The Eastern Arctic Seas Encyclopedia

2016 Edition
| Editors: Igor S. Zonn, Andrey G. Kostianoy, Aleksandr V. Semenov

Taymyr

Reference work entry
DOI: https://doi.org/10.1007/978-3-319-24237-8_517
Taymyr – the northernmost Asian Peninsula located between Yenisei Bay of the Kara Sea and Khatanga Bay of the Laptev Sea in Taymyr (Dolgano-Nenets) Autonomous Area, Russia. The northernmost point of T. is Cape Chelyuskin. The length is around 1,000 km, and the width is over 500 km. The area is approximately 400,000 km2. The coastline is rugged. By surface pattern T. is divided into three parts: (1) the North Siberian Lowland having gently rolling and ridgy topography, with Lake Byrranga in the northern part; (2) Byrranga Mountains up to 1,146 m high from the Pyasina River to the Laptev Sea coast with contemporary glaciers in the eastern part (area 30.3 km2); and (3) coastal plain along the Kara Sea coast. The topography is a hilly lowland. The large rivers are the Pyasina, the Upper and the Lower Taymyra, and the Khatanga. Permafrost is widespread. The flora is represented by tundra, with light forest in the south. The first reports on Taymyr go back to the beginning of the seventeenth century, when first Russian manufacturers appeared there and Russians started exploration of northern and eastern regions of Taymyr.

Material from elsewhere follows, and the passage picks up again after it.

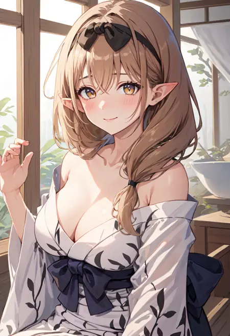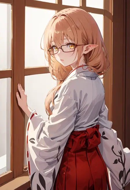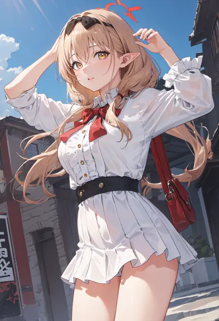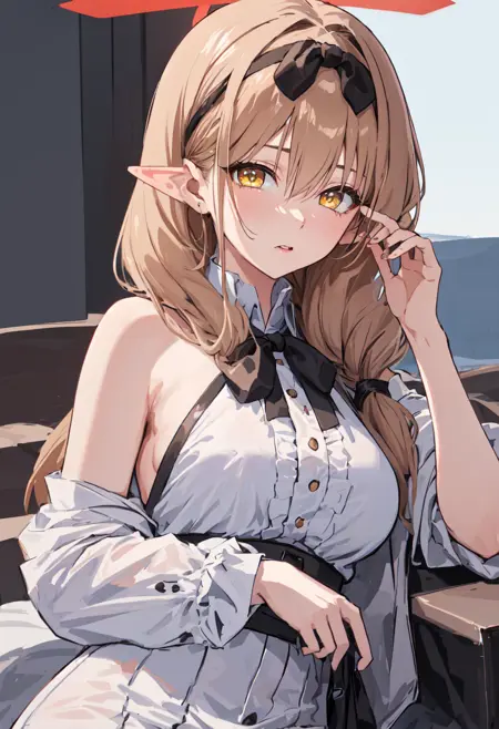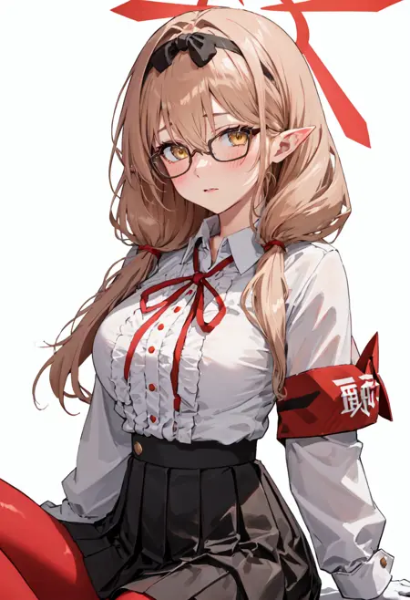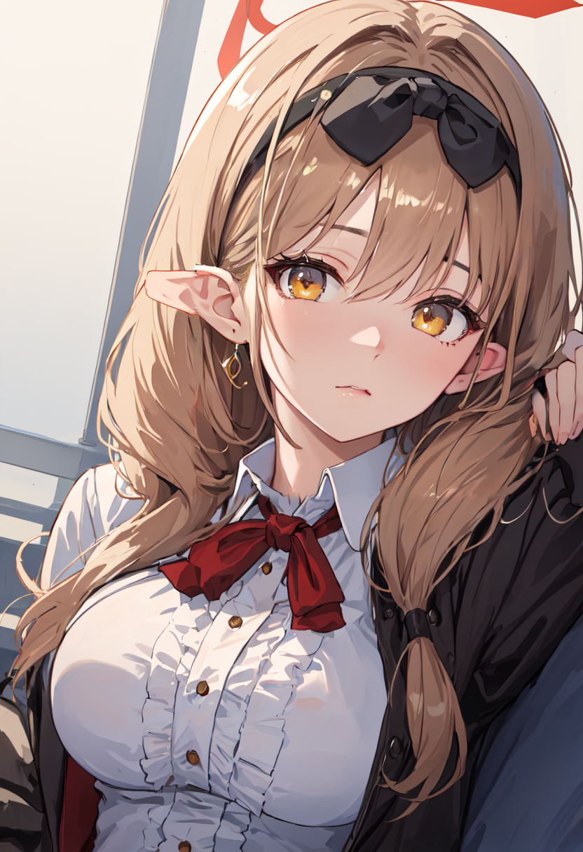 - 정제된 캐릭터 태그는 긴 머리카락, 뾰족한 귀, 가슴, 갈색 머리카락, 하늘, 큰 가슴, 안경, 헤어밴드, 황색 눈, 검은 프레임 안경, 갈색 눈, 두 갈래 머리입니다. 캐릭터의 핵심 특징(예: 머리색)이 안정적이지 않을 때 이 태그를 프롬프트에 추가할 수 있습니다.

The coasts of the peninsula were partly described and approximately mapped for the first time in 1735–1742 by participants of the Great Northern Expedition (1733–1743), by lieutenants V.V. Pronchishchev and Kh.P. Laptev, and navigators F.A. Minin, D.V. Sterlegov, and S.I. Chelyuskin. Basically, the result of this expedition was discovery of a new peninsula. Russian maps of the seventeenth to the beginning of the eighteenth century show this coast almost flat. The peninsula was called after the river Taymyr.